Citizen Kane was scheduled to open on February 14, 1941, at Radio City Music Hall in Rockefeller Center (the Rockefellers owned a large share of RKO). Then the theater abruptly canceled the opening. Schaefer called Nelson Rockefeller to find out the reason and learned some details of Mrs. Parsons’s threats of retribution. “Rockefeller told me,” Schaefer recalled later, “that Louella Parsons . . . had asked him, ‘How would you like to have [Hearst’s] American Weekly run a double-page spread on John D. Rockefeller?’ ” And then, suddenly, Schaefer had trouble booking Citizen Kane anywhere at all. And there was more. Hearst photographers began following Welles through the streets, hoping to catch some moment of indiscretion. Inquiries to his draft board persistently raised the question of why he was not in the army. Hedda Hopper predicted darkly that “the refugee situation would be looked into,” which seemed to threaten a general investigation by the Hearst newspapers and the American Legion and other patriotic organizations into the question of why so many Hollywood studios employed so many foreigners, particularly those of leftist sympathies. “Nor are private lives to be overlooked,” Mrs.

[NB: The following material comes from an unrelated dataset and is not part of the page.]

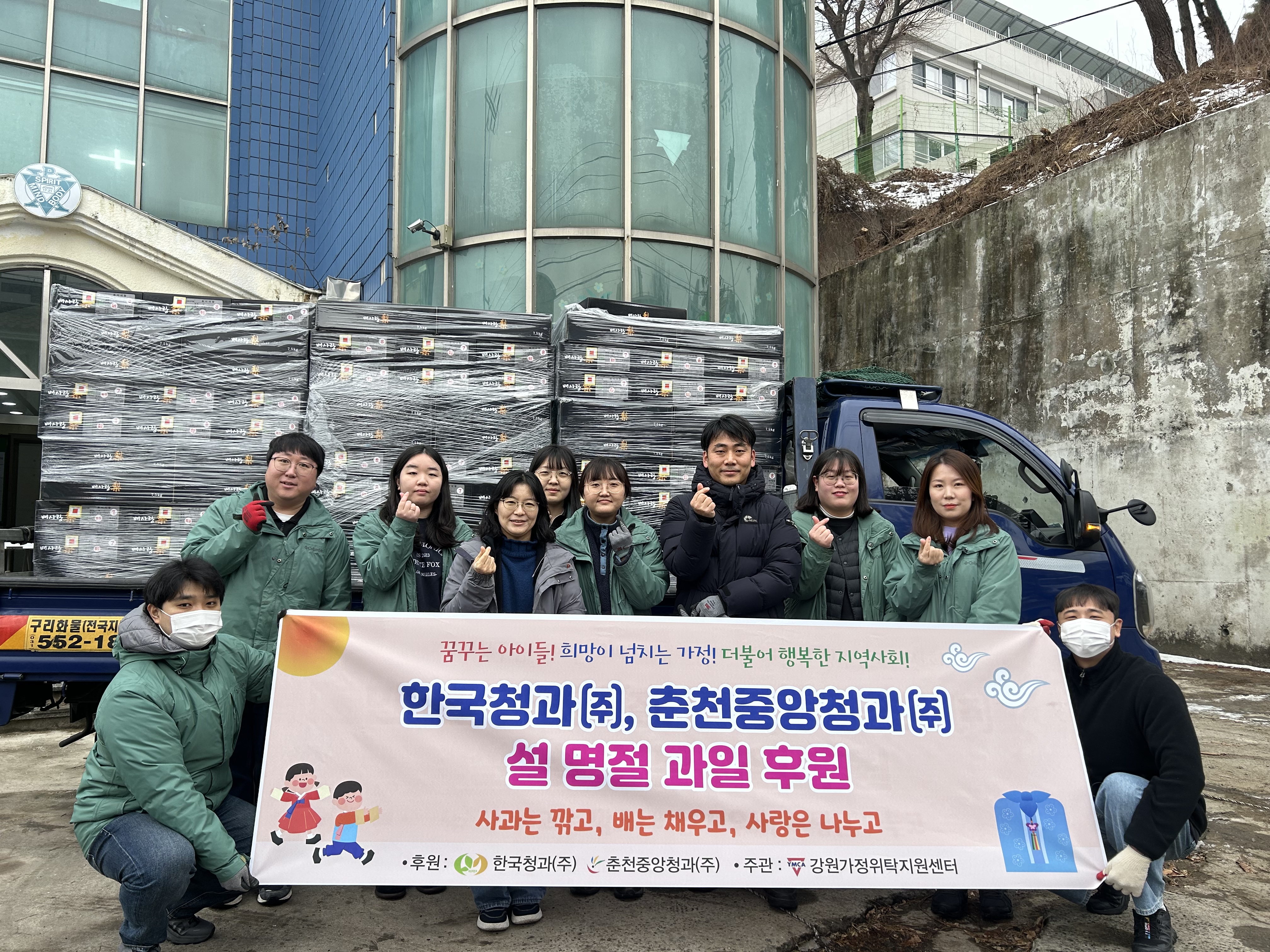2025년 1월 20일(월) 11시, 한국청과(주)·춘천중앙청과(주) (대표이사 박상헌)는 다가오는 설을 맞이하여 강원특별자치도 내 위탁가정에 명절선물을 전달해달라며 강원가정위탁지원센터(관장 장미희)에 과일 400박스(1,500만원 상당)를 후원하였다. 한국청과(주)·춘천중앙청과(주)는 고물가 상황에서 과일값 상승으로 위탁...
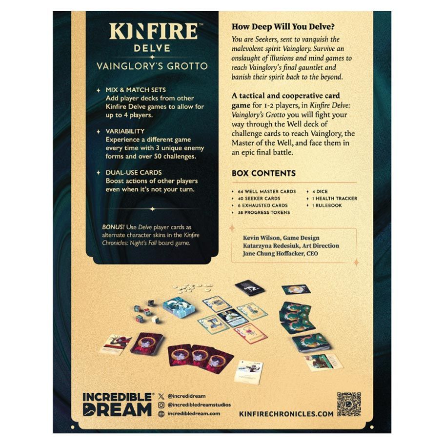 "Kinfire Delve" is a replayable, tactical card game with stunning illustrations, press-your-luck mechanics, and premium finishes that offers an engaging solo or co-op experience at an unbeatable value. Highly rated by the community and endorsed with the Dice Tower Seal of Excellence, this captivating game provides endless fun and opportunities to expand your adventures. Its beautiful craftsmanship, flexible player count, and mix-and-match features make it a standout addition to shelf.

Hopper warned.*
Then came the most extraordinary proposal of all. Nicholas Schenck, the head of Loew’s, invited Schaefer to New York and made him an offer. He was making this offer, he said, on behalf of Louis B. Mayer, who considered himself not only a friend of Hearst’s but also the patriarch of the movie business. Mayer proposed to pay RKO $842,000 in cash if Schaefer would destroy the negative and all the prints of Citizen Kane. Since the film had cost $686,000, Mayer’s offer represented a fairly handsome profit on a movie that Schaefer was having trouble in booking anywhere. Schaefer, to his credit, refused. Schaefer, to his credit, didn’t even mention this irresistible offer to his own board of directors, for he feared that the directors might order him to accept it. Schaefer, to his credit, responded to the M-G-M bribe by threatening a conspiracy suit against all the major theater chains: Fox, Paramount, Loew’s. This was the crisis that roused Time and other journals to protest. And since the theater chains were just as terrified of conspiracy suits as they were of Hearst boycotts, they relented enough to provide a few showings for Citizen Kane, which, in the final accounting, just barely broke even.
And then, in one of those executive whirlwinds, a major RKO stockholder named Floyd Odlum, a Texas entrepreneur of nebulous ambitions, bought enough additional shares from David Sarnoff to give him control of the whole studio, and that was the end of Schaefer. And two weeks after Schaefer was evicted, Orson Welles was also evicted, given a few hours’ notice to move out (the Mercury Theatre’s space was needed for a Tarzan film crew). One of the contributing reasons for this upheaval was a widespread rumor, apparently sponsored by Louis B. Mayer, that Schaefer couldn’t get good bookings for RKO films because he was anti-Semitic.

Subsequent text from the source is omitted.